Kauai Coffee

Kauai Coffee Looks Normal. The Workers Know It Isn’t.

We returned to the Kauai Coffee visitor center this week. What brought us back was a new development. Kauai Coffee quietly extended its WARN notice to roughly 140 workers on March 5, pushing the original layoff timeline further out while lease negotiations continue.

We saw a parking lot full of cars, with visitors still lining up for coffee samples on the lanai. In some ways, it seems busier than ever. Maybe that’s because the uncertainty has been so widely publicized. The employees pouring coffee and working in the shop and food service aren’t sure how much longer they’ll have jobs, and that’s where this tragedy has landed.

If you didn’t already know the backstory, you wouldn’t think anything was wrong. There are no signs posted, and nobody is making announcements to visitors. In fact, if anything, they are avoiding talking about what’s going on. The entire farm looks like a place that expects to be open tomorrow, next month, and next year.

Talking to employees tells a different story. One woman who appeared to be a manager shut down the conversation quickly and said they didn’t know anything beyond what had already been reported publicly. Other workers on this visit, and on previous ones, were more transparent about how things feel inside the operation right now.

What we kept hearing from employees was uncertainty.

Several employees said they still don’t know whether negotiations between the companies involved are improving or simply stretching out the same deadline. Others said they have already taken second or pending jobs because they cannot assume they will still be employed in a few weeks.

Last Thursday, the company extended its WARN notice to about 140 employees. The original filing warned layoffs could begin March 14 and run through March 28, the day the farm’s land lease expires. The new notice gives workers another short extension while negotiations continue.

General manager Brian Kubicki confirmed that the company plans to extend the WARN notice monthly while discussions continue past the original lease deadline. Kauai Coffee says it has no plans to shut down operations, but the rolling extensions mean the workers are living on rolling deadlines of just one month.

Each extension buys a little time and pushes the layoff start date back. None of the employees we spoke with said they knew how the negotiations were actually going or what the final outcome might be.

The basic dispute between the two companies remains unchanged.

Kauai Coffee’s WARN filing says the company is being forced out of business because its lease is not being renewed. The landowner, Brue Baukol Capital Partners, says the operator is choosing not to renew the lease.

BBCP has posted its version of events on a website, kauaicoffeefacts.com, where it says it intends to keep coffee growing on the land if Kauai Coffee leaves.

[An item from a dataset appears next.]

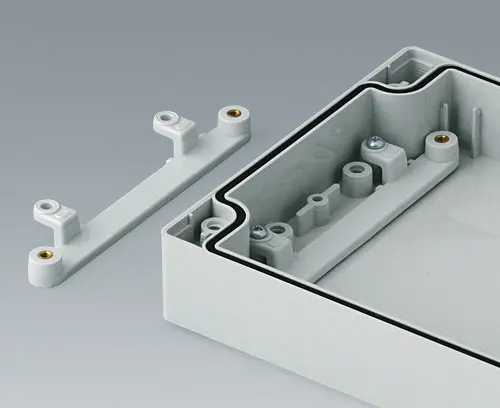 Case shell 4.724", with groove Case shell with thread and fixing towers as separate part. Alternative use either as top or bottom part. Screw fixing outside of the sealing area. Recess of approx. 0.031" for the use of membrane keyboards. Each 1 part with tongue and 1 part with groove needed for 1 case.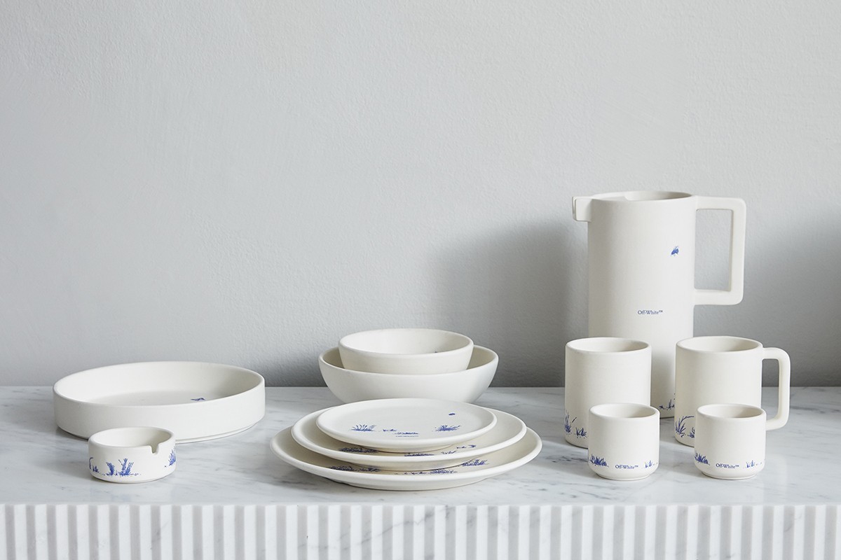 ▲众多以矢车菊蓝设计为主题的陶瓷用品。(图/翻摄自Off-White)

Kauai Coffee’s position remains that the company is being pushed out. Both claims clearly cannot be true at the same time.

From the parking lot, the farm still looks as good as ever. Visitors walk in, drink coffee, and leave with bags from the gift shop. Inside the workforce is waiting to find out whether the next extension leads to a deal or the same outcome pushed a few weeks further down the road.

The visitor center is still open, and the coffee samples are still being poured. The people pouring it are still waiting to find out what happens next, and how their work lives will unfold.